Nawab Sayyid Abdullah Khan I also known as Sayyid Mian I, was the father of Syed Hassan Ali Khan and Syed Hussain Ali Khan the two famous Sayyid Brothers. His full name was Sayyid Abdullah Khan Tihanpuri, Tihanpur was the ancestral village of this branch of Sayyids in Patiala Punjab.

Sayyid Mian, was a loyal serviceman of Aurangzeb, he became famous as a commander during the Siege of Bijapur for planning the trenches and leading assaults during the Siege of Bijapur. Due to his services he was appointed the first Mughal Subahdar of Bijapur.

Ancestry 

Abdullah Khan was a member of the Barha Dynasty. The meaning of the name Barha is uncertain. While some contend that it comes from the word, "bahir", meaning "outsider" referring to the preference of members of the Barha dynasty to live outside Delhi. Others like the Emperor Jahangir, believed that it came from the Hindi word, "barha", meaning "twelve". In reference to the twelve townships that members of the dynasty had received as fiefs from Sultan Shibabdudin of Ghor when they first arrived in India.

The dynasty descends in the male line from the fourth Rashidun Caliph, Ali, through his younger son Hussain who married Shahrbanu, herself a daughter of the Sassanian emperor of Persia, Yazdegard III. Due to Ali's status as an Adnanite, the dynasty can trace its ancestry to Abraham through his eldest son Ishmael.

In Arabia, Abdullah Khan's ancestors took part in many rebellions against Abbasid authority. One ancestor, Isa bin Zayd, revolted against the Caliph Al Mahdi and was consequently poisoned by that caliph at the age of 45. Subsequently, the dynasty were heavily persecuted by the Abbasid government, and eventually the founder of the Barha dynasty, Abul Farah Al Wasiti, fled from Madina to Wasit and from there he fled to the Ghaznavid Empire. His four sons entered into the military service of Sultan Muhammad of Ghor and received twelve fiefs in Punjab, then a part of the Ghor Empire, as reward for their service. Thus the dynasty became quickly established as Nobles of the Sword in ancient India, a status they held under several different empires. They held a particularly high status under the Sultanate of Delhi. When the Chief of the Barha, who was also the Diwan of the empire, was granted the fief of Saharanpur due to his relation with the imperial family. They also enjoyed particularly prominent positions under the reign of the Sur, eventually defecting during the last days in the reign of Sikander Sur of the Sur Empire, to the Emperor Akbar of the Mughal Empire in the course of the siege of Mankot .

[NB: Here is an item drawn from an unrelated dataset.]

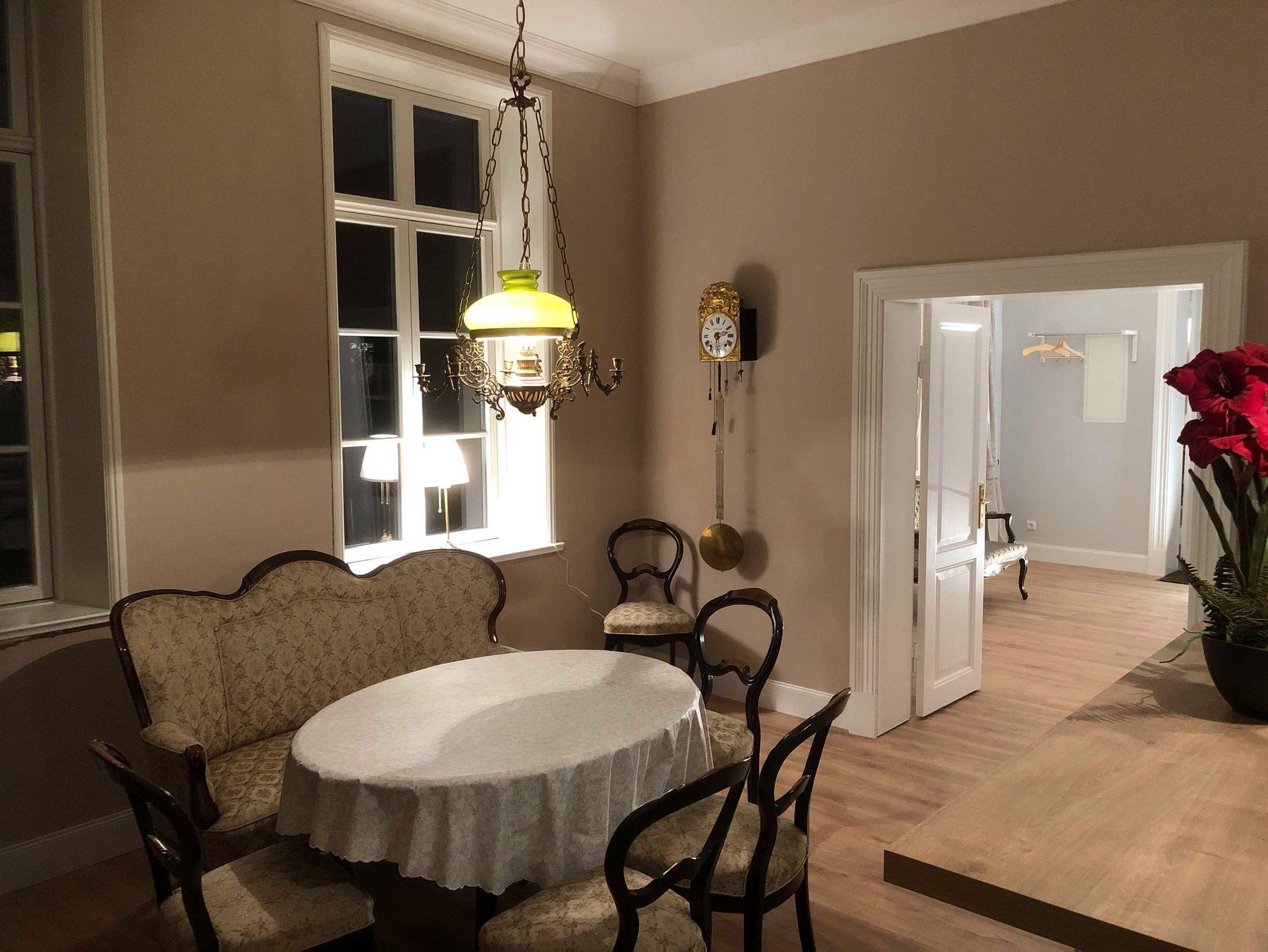 Die Ferienwohnung Hirschaue verfügt über 3 hohe Räume mit mehr als 70qm Gesamtfläche. Sie ist ebenfalls in ihrer Ausstattung klassisch-elegant kombiniert mit modernen Elementen angelegt. Die Aufbettungsmöglichkeiten im Wohnzimmer machen eine Nutzung für bis zu 4 Personen möglich.
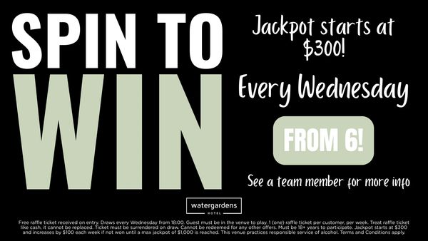 Every Wednesday from 6pm, come on down to Watergardens Hotel for your chance to win cash! Jackpot start at $300 and increases by $100 each week until won! Are you our lucky winner?

The Barha dynasty maintains the unique status of having been the only dynasty to participate in all three Battles of Panipat, seminal battles which shaped Indian History. Under the Lodi in the First Battle of Panipat. In the Second Battle of Panipat they gained victory under Bairam Khan, and finally in the Third Battle Of Panipat, the sons of Nawab Ali Muhammad Khan Rohilla fought with Ahmed Shah Abidali against the Maratha.

By the time of the Emperor Aurangzeb, the dynasty was firmly regarded as "Old Nobility" and enjoyed the unique status of holding the premier realms of Ajmer and Dakhin. Realms usually reserved for the rule of members of the Imperial Family.

He claimed to belong to the family of Sayyids or the descendants of the Prophet Muhammad through his daughter Fatima and son-in-law and cousin Ali who belonged to the Banu Hashim Clan of the Quraish Tribe.

Biography  

Abdullah Khan Barha served in the succession war between Aurangzeb and his Brother Dara Shikoh, on the side of Dara. After Dara's defeat, the Emperor Aurangzeb pardoned Abdullah Khan and allowed him to continue his military service in allegiance to him.

Abdullah Khan rose to fame during the Siege of Bijapur and afterwards was made the first Subedar of Bijapur. He later came to be made the Subedar of Ajmer and granted the title of "Sayyid Mian" by the Emperor Aurangzeb. His sons Hassan Ali Khan and Hussain Ali Khan served with the Imperial Prince of Azim-U-Shan son of the Imperial Prince Mu'azzam. After helping Mu'azzam ascend to the throne of Delhi as Bahdur Shah I. The new emperor awarded the bravery of the brothers for their service in the Battle of Agra, 1707, by giving them the Subedari of Allahbad and latter Patna.